> [What to work on]: Of the entries below, return exactly those lines that fall between the one containing "Η απελευθέρωση της" and the one containing "λύ. Μια απέραντη", the two end lines included.

[[ Excerpted records open ]]

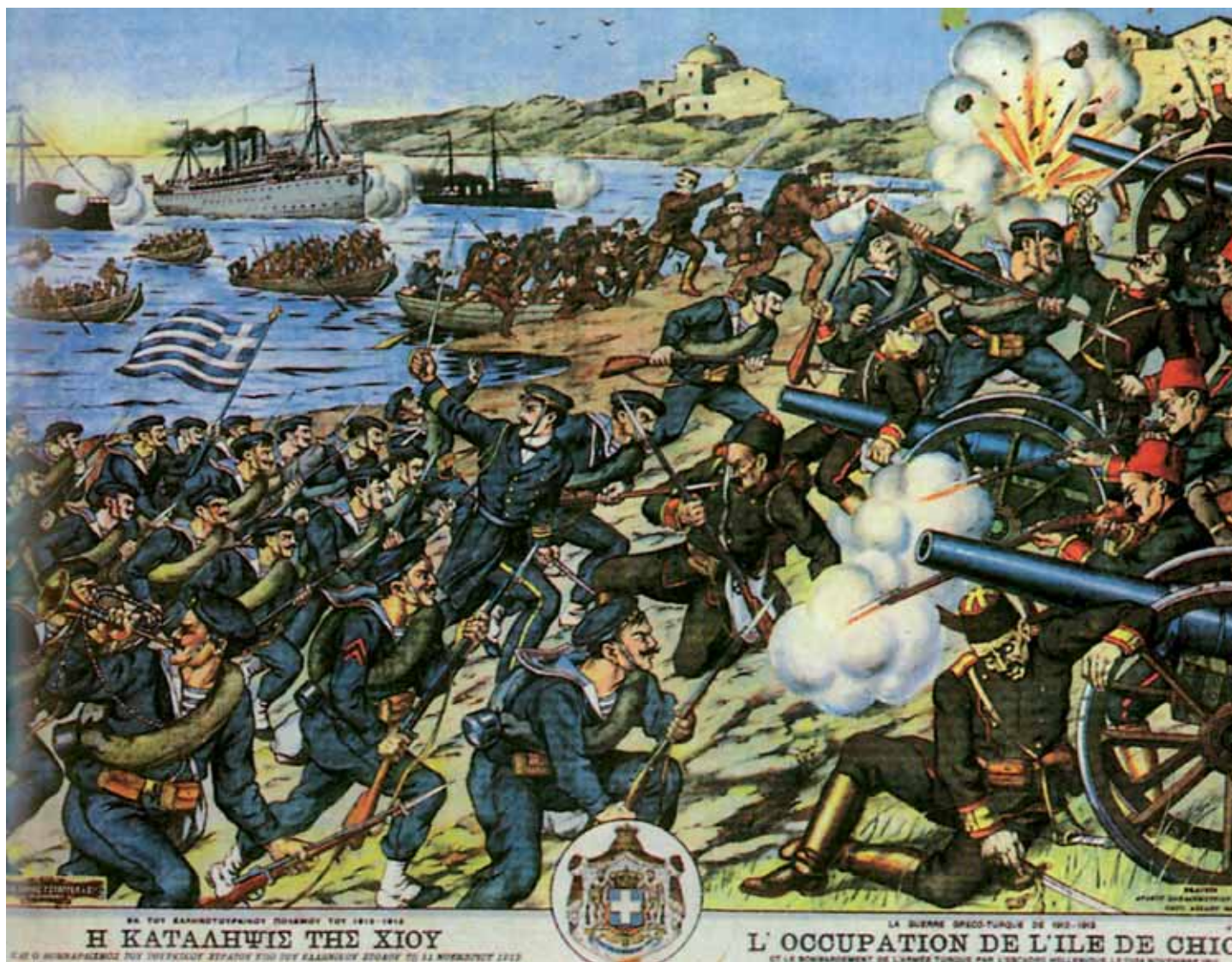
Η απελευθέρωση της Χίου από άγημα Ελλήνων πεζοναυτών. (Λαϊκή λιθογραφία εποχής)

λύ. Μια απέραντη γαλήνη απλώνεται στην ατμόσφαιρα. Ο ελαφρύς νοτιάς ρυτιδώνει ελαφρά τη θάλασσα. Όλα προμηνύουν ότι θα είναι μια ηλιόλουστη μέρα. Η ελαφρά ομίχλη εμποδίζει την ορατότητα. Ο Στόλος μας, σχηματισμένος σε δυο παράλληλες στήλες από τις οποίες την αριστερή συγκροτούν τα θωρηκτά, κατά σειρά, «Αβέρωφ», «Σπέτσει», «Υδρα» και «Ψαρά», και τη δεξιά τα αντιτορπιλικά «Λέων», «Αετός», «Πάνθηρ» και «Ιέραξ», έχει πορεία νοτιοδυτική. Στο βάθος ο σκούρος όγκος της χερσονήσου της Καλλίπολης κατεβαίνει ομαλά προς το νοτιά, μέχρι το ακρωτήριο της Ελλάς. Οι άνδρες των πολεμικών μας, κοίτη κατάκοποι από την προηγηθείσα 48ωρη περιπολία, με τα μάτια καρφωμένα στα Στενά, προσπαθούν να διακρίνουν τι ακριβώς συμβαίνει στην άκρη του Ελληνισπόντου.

[[ Excerpted records closed ]]
[[ Excerpted records open ]]

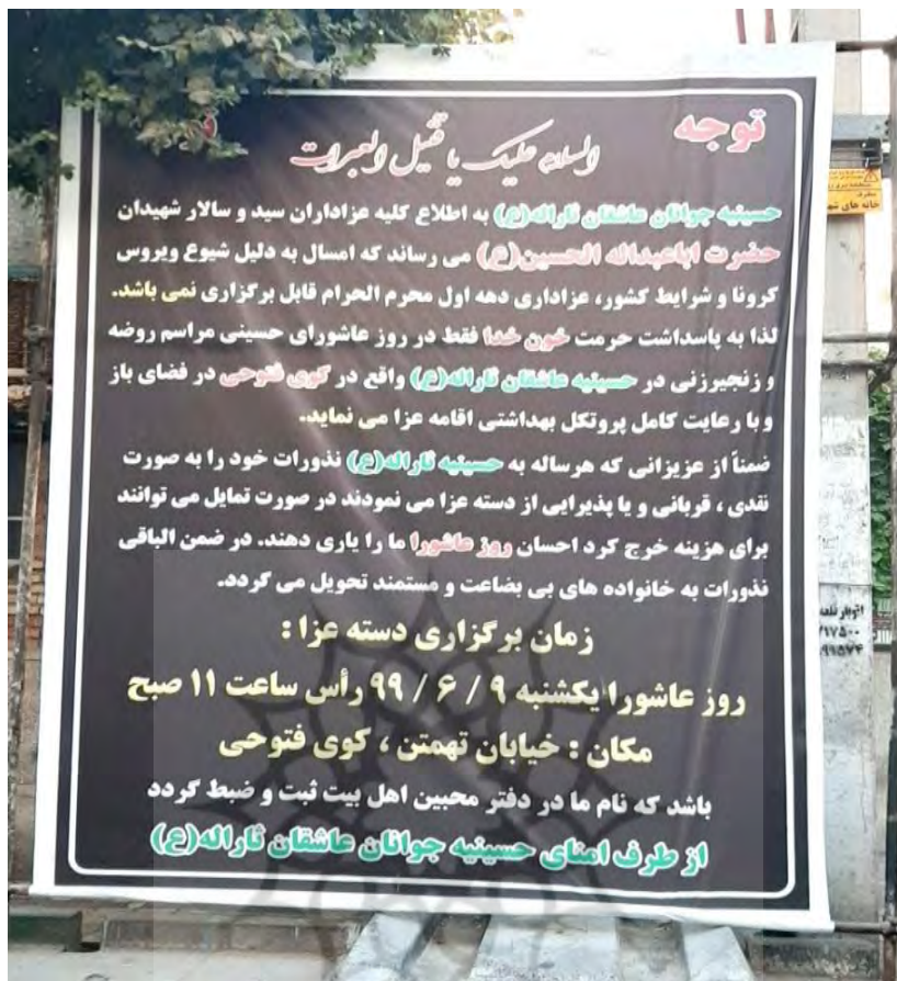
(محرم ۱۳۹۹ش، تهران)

[[ Excerpted records closed ]]

> [Written response]:
Η απελευθέρωση της Χίου από άγημα Ελλήνων πεζοναυτών. (Λαϊκή λιθογραφία εποχής)

λύ. Μια απέραντη γαλήνη απλώνεται στην ατμόσφαιρα. Ο ελαφρύς νοτιάς ρυτιδώνει ελαφρά τη θάλασσα. Όλα προμηνύουν ότι θα είναι μια ηλιόλουστη μέρα. Η ελαφρά ομίχλη εμποδίζει την ορατότητα. Ο Στόλος μας, σχηματισμένος σε δυο παράλληλες στήλες από τις οποίες την αριστερή συγκροτούν τα θωρηκτά, κατά σειρά, «Αβέρωφ», «Σπέτσει», «Υδρα» και «Ψαρά», και τη δεξιά τα αντιτορπιλικά «Λέων», «Αετός», «Πάνθηρ» και «Ιέραξ», έχει πορεία νοτιοδυτική. Στο βάθος ο σκούρος όγκος της χερσονήσου της Καλλίπολης κατεβαίνει ομαλά προς το νοτιά, μέχρι το ακρωτήριο της Ελλάς. Οι άνδρες των πολεμικών μας, κοίτη κατάκοποι από την προηγηθείσα 48ωρη περιπολία, με τα μάτια καρφωμένα στα Στενά, προσπαθούν να διακρίνουν τι ακριβώς συμβαίνει στην άκρη του Ελληνισπόντου.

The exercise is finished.